··· Working data ···

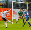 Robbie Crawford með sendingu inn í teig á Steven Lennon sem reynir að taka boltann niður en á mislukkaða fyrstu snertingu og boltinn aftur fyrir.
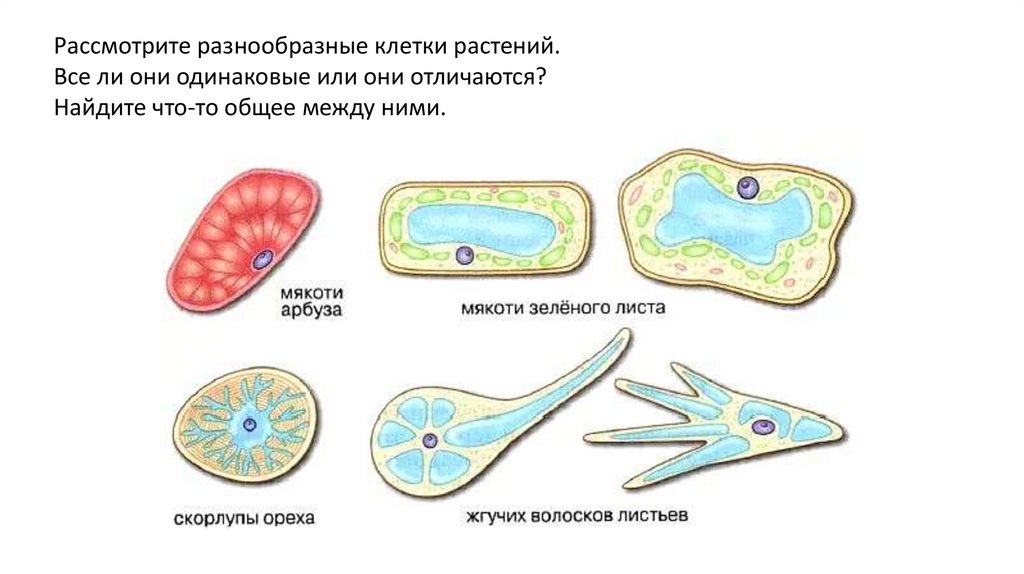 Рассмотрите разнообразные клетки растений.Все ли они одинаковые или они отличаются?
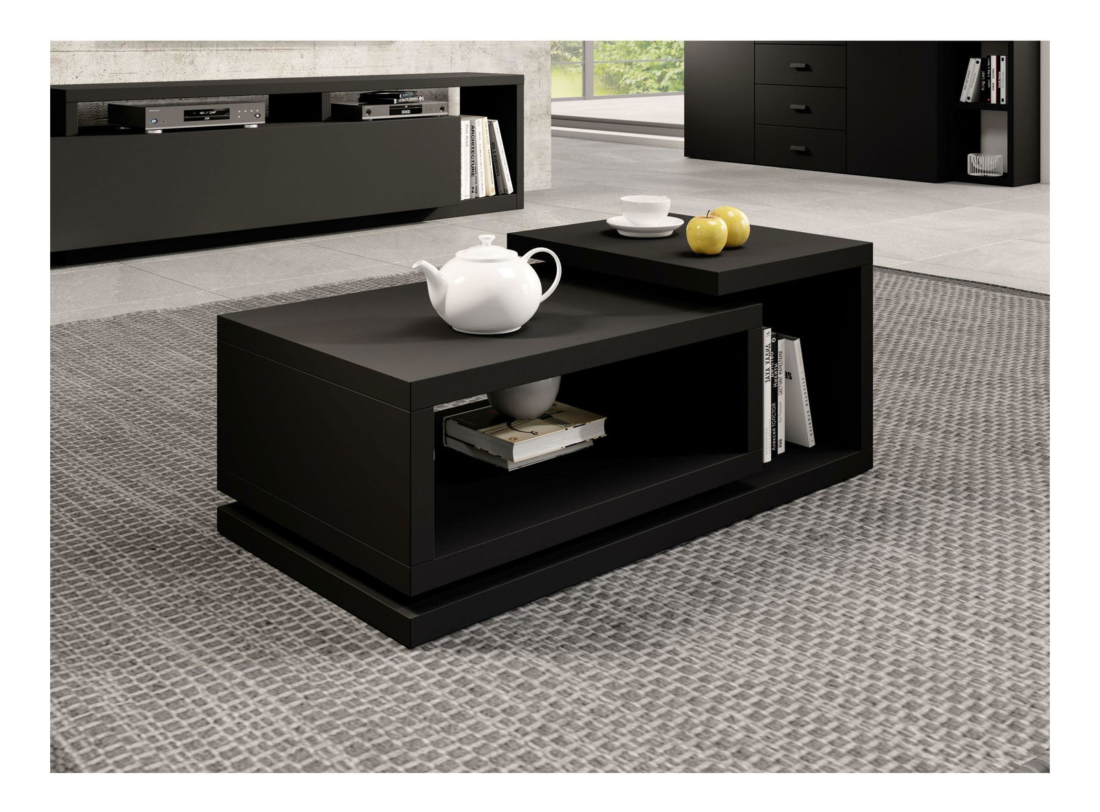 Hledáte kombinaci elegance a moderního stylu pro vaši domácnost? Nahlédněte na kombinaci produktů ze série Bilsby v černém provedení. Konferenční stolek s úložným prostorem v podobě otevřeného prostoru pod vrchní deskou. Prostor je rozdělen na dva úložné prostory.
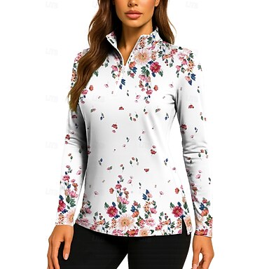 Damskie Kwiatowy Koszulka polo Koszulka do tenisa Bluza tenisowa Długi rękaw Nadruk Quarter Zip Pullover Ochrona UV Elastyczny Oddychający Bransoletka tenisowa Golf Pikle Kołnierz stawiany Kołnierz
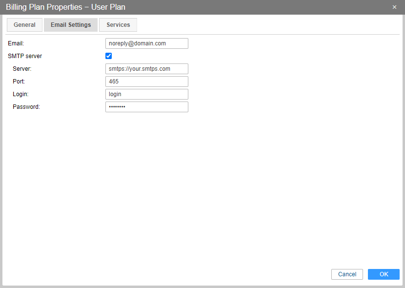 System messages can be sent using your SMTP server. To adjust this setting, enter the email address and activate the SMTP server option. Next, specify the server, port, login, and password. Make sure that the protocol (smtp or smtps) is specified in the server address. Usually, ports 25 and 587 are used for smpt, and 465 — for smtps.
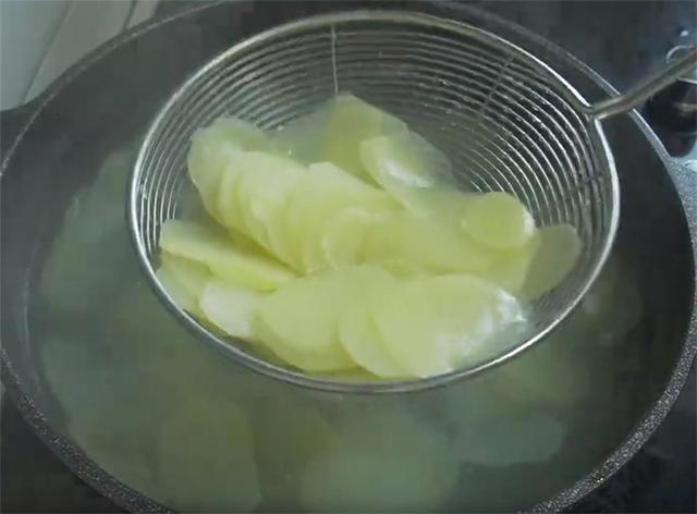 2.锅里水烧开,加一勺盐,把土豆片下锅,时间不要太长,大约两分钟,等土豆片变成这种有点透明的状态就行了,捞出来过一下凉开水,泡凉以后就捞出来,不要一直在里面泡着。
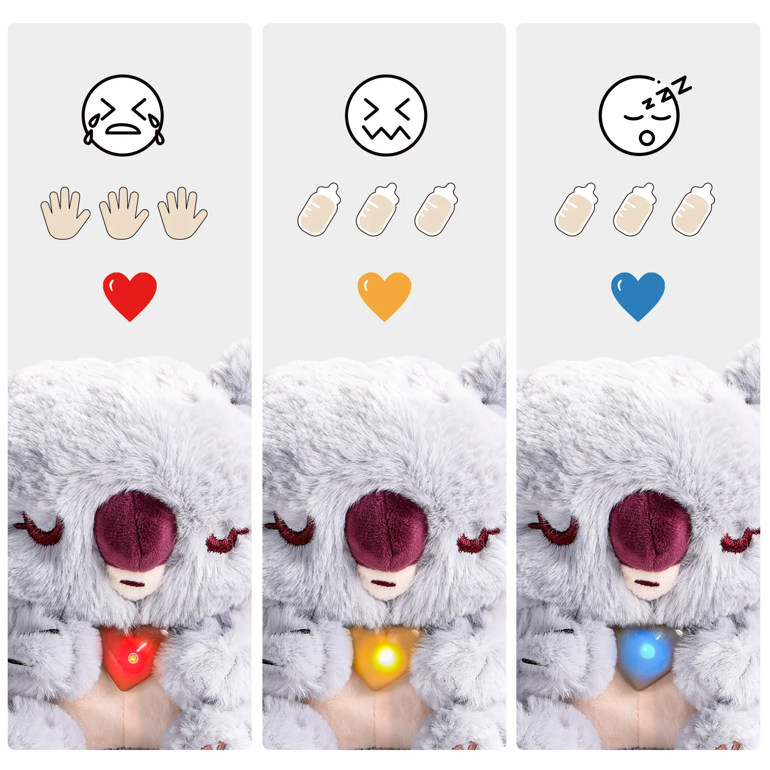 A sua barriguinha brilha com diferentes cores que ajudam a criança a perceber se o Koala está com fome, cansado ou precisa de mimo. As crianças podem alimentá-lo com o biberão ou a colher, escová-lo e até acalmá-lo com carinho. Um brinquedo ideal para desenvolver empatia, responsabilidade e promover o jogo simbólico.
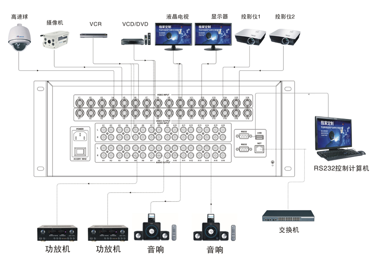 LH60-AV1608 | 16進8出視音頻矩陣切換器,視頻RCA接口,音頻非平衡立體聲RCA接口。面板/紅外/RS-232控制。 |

···

(Description of the task): Type the lines above out again exactly as they appear, skipping every picture.

(Written reply):
 Robbie Crawford með sendingu inn í teig á Steven Lennon sem reynir að taka boltann niður en á mislukkaða fyrstu snertingu og boltinn aftur fyrir.
 Рассмотрите разнообразные клетки растений.Все ли они одинаковые или они отличаются?
 Hledáte kombinaci elegance a moderního stylu pro vaši domácnost? Nahlédněte na kombinaci produktů ze série Bilsby v černém provedení. Konferenční stolek s úložným prostorem v podobě otevřeného prostoru pod vrchní deskou. Prostor je rozdělen na dva úložné prostory.
 Damskie Kwiatowy Koszulka polo Koszulka do tenisa Bluza tenisowa Długi rękaw Nadruk Quarter Zip Pullover Ochrona UV Elastyczny Oddychający Bransoletka tenisowa Golf Pikle Kołnierz stawiany Kołnierz
 System messages can be sent using your SMTP server. To adjust this setting, enter the email address and activate the SMTP server option. Next, specify the server, port, login, and password. Make sure that the protocol (smtp or smtps) is specified in the server address. Usually, ports 25 and 587 are used for smpt, and 465 — for smtps.
 2.锅里水烧开,加一勺盐,把土豆片下锅,时间不要太长,大约两分钟,等土豆片变成这种有点透明的状态就行了,捞出来过一下凉开水,泡凉以后就捞出来,不要一直在里面泡着。
 A sua barriguinha brilha com diferentes cores que ajudam a criança a perceber se o Koala está com fome, cansado ou precisa de mimo. As crianças podem alimentá-lo com o biberão ou a colher, escová-lo e até acalmá-lo com carinho. Um brinquedo ideal para desenvolver empatia, responsabilidade e promover o jogo simbólico.
 LH60-AV1608 | 16進8出視音頻矩陣切換器,視頻RCA接口,音頻非平衡立體聲RCA接口。面板/紅外/RS-232控制。 |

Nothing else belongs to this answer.